SOURCE DATA:
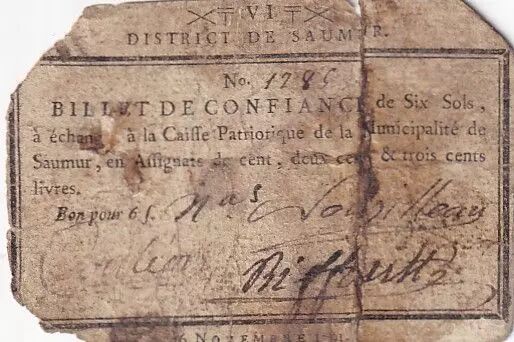 Banknote France 6 Sols - Maine et loire - District de Saumur - 26-11-1791
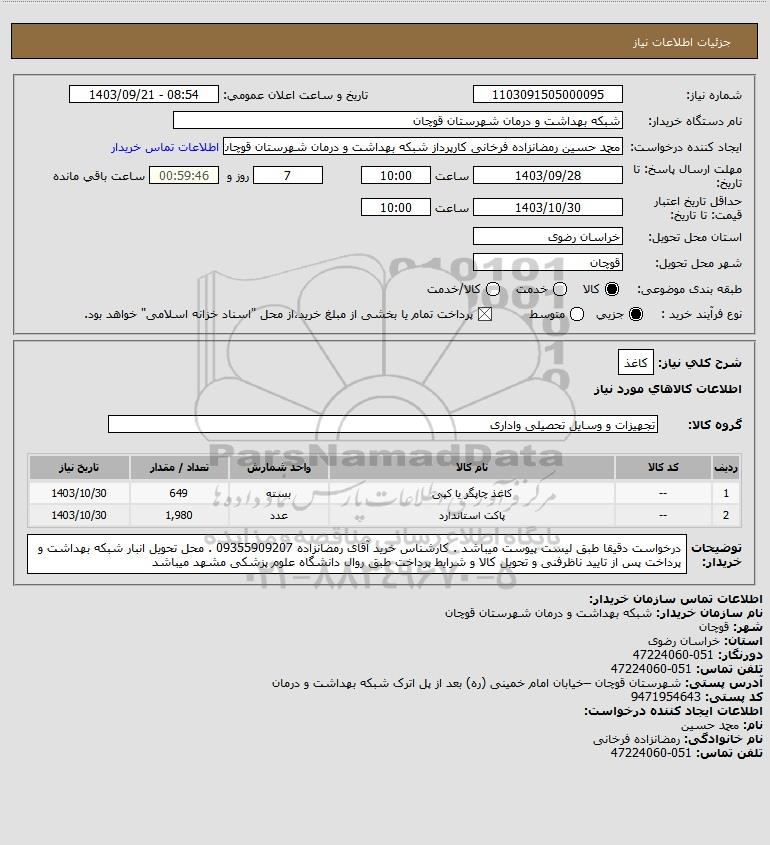 نام سازمان خریدار: شبکه بهداشت و درمان شهرستان قوچان
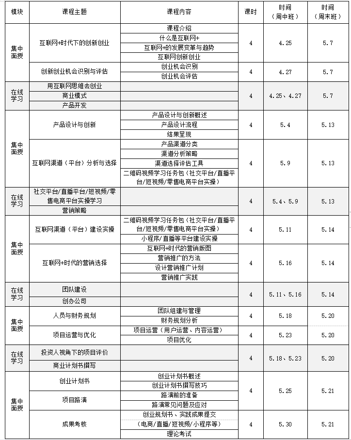 本期课程计划分两类时间段开班,具体安排如下,请根据时间安排选择合适的教学班。教室安排根据招生情况在创业学院网站另行通知。课程实训模块介绍见表1。

TASK:
Reproduce every line above exactly, pictures excluded.

OUTPUT OF THE EXERCISE:
 Banknote France 6 Sols - Maine et loire - District de Saumur - 26-11-1791
 نام سازمان خریدار: شبکه بهداشت و درمان شهرستان قوچان
 本期课程计划分两类时间段开班,具体安排如下,请根据时间安排选择合适的教学班。教室安排根据招生情况在创业学院网站另行通知。课程实训模块介绍见表1。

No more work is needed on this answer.